Stovall & Stovall, Plainview, R. F. Stovall, Plainview, of counsel, for appellee.

CHAPMAN, Justice.

Appellant, West Texas Equipment Company, sued appellee, W. G. Walker, upon a verified sworn account for parts and services on three invoices totaling $835.31, and for attorney's fees and costs. Before the case went to trial before a jury on its merits, a pre-trial hearing was conducted on Monday, August 8, 1966. Appellee to that date having not filed his Vernon's Ann.Tex.Rules, Rule 185 denial to the duly verified sworn account petition appellant had previously filed, the latter forwarded its motion for summary judgment on July 28, 1966, to the Floyd County clerk's office, and urged such motion at the pre-trial conference on August 8. The motion was overruled and appellant's 'Point One' asserts reversible error of the trial court in so doing. The point is not well taken.

'The denial of a motion for summary judgment is not an adjudication of the merits against the movant and, no doubt for this reason, is held in the Federal courts to be interlocutory and thus unappealable. * * * We see no good reason to take a different view for our own practice, which derives from the Federal Rules.' Wright v. Wright, 154 Tex. 138, 274 S.W.2d 670 (1955).

A different rule prevails where both parties file motions for summary judgment and one such motion is granted. Under this situation the trial court's judgment becomes final and appealable, and on appeal the Court of Civil Appeals should determine all questions presented. Tobin v. Garcia, 159 Tex. 58, 316 S.W.2d 396 (1958).

However, '* * * the rule of practice adopted by Tobin v. Garcia is an exception to the general rule that an order overruling a motion for summary judgment is not subject to review upon appeal.' Ackermann v. Vordenbaum, 403 S.W.2d 362, 365 (Tex.1966).

When the instant case came on for trial before a jury appellee had on file, among other pleadings, Defendant's First Amended Original Answer. The pleading alleged that appellee had previously purchased from appellant a Caterpillar motor for the pumping of irrigation water. The date of the purchase was not alleged but the record shows it was in 1948. The pleading alleged that in the purchase, as part of the agreement and warranty, all repairs on the motor were to be made by appellant. No allegation is alleged in such pleading that they were to be made without charge. The pleading alleged that thereafter, not naming the date, 1 the motor began to give trouble and appellee took it to appellant company for repair; that appellant worked on it and represented it had been repaired '* * * and that they would stand behind and guarantee the work which they had done on the motor, and in reliance and consideration of the representation made to the Defendant by the Plaintiff, the Defendant issued his check to West Texas Equipment Company, under date of October 13, 1964 * * * in the amount of $2,309.74, representing repairs made to said motor. * * *' The pleading then alleged in effect 'that shortly thereafter' the motor began to give trouble because it had not been properly repaired, that the company then made proper repairs and, except for two small items, appellee did not owe for the second repair job because it represented repairs, which had been paid for by the $2,309.74 check.

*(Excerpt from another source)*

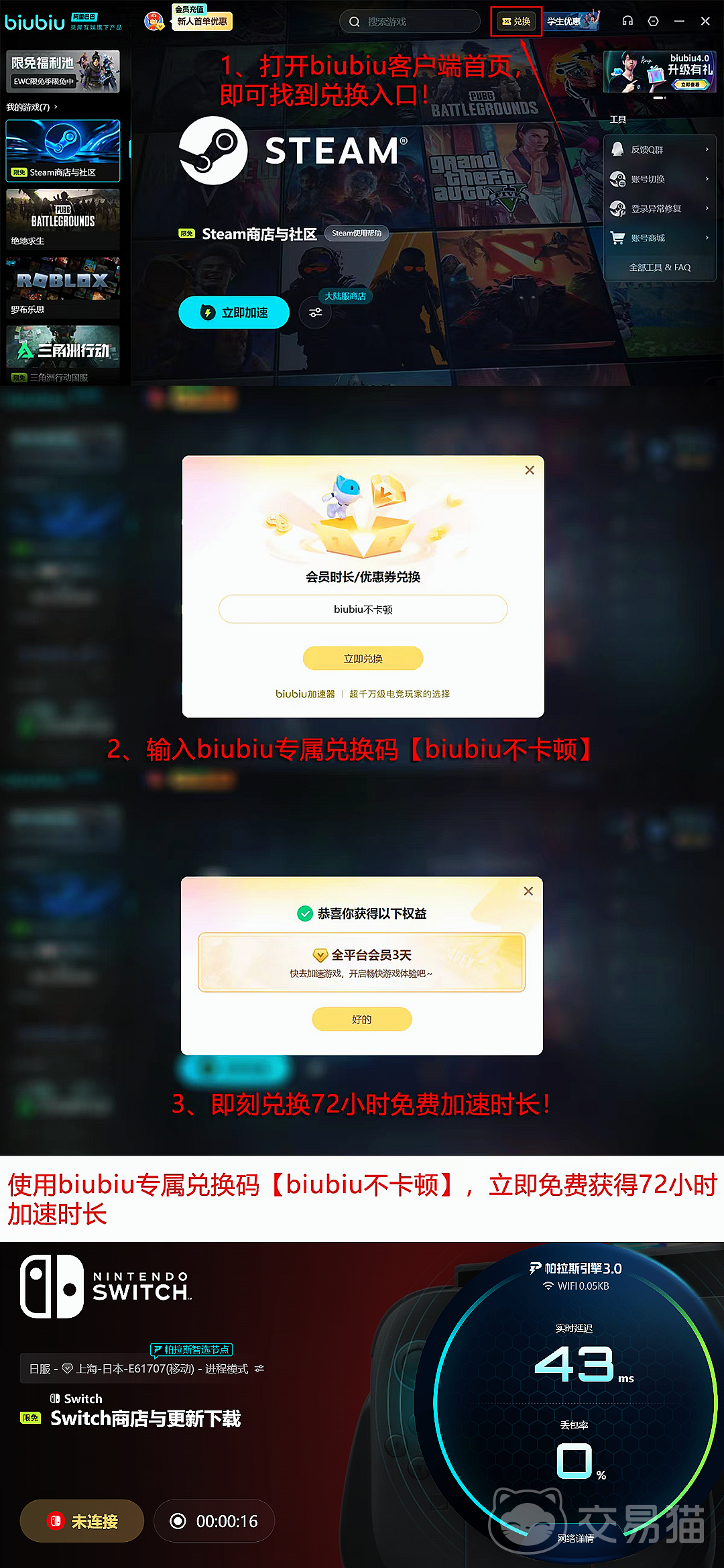 新用户完成注册后可立即启用24小时全游戏免费加速服务;输入通用兑换码【biubiu不卡顿】可额外获得3天加速权益;首登用户还可叠加96小时专属加速时长,全程零费用体验高帧率、低延迟的稳定联机环境。以上福利无需订阅付费,所有加速节点均通过阿里云全球骨干网直连部署,保障跨区域对战数据传输质量。

Appellee later filed on the day of trial, with leave of the court, Defendant's Second Amended Original Answer, which did not include any pleading of guarantee or warranty, but which constituted his Rule 185 sworn denial that 'Exhibit A' (the itemized verified sworn account sued upon) '* * * is not just or true in whole or in part, and that Defendant denies he is indebted to the Plaintiff in any amount.' Though the parties had agreed at the pre-trial hearing upon inquiry from the court that no further pleadings would be filed, appellant has brought forward no point asserting abuse of discretion in permitting the filing. So, that point is not in the case. This pleading had the effect of then requiring appellant to prove its case as at common law. Earnest & Co. v. Word, 137 Tex. 16, 152 S.W.2d 325 (1941); Opryshek v. McKesson & Robbin, Inc., 367 S.W.2d 357 (Tex.Civ.App.-Dallas, 1963, no writ). This, the appellant did by the witness, Strawn, manager of the Lubbock branch of appellant company, and the company's field mechanic, J. C. Laymance. The latter testified the major overhaul in the spring had nothing to do with the account sued upon, a considerable part of which was for replacement of cracked cylinder heads. The record shows such condition happened some six months following the major overhaul and after the 1948 motor had operated for 24 hours a day for 60 days. Mr. Strawn testified that the charges for the items sued for, representing parts and services performed in the fall, were reasonable and customary for such parts and labor; that the account sued upon was unpaid and the amount was past due.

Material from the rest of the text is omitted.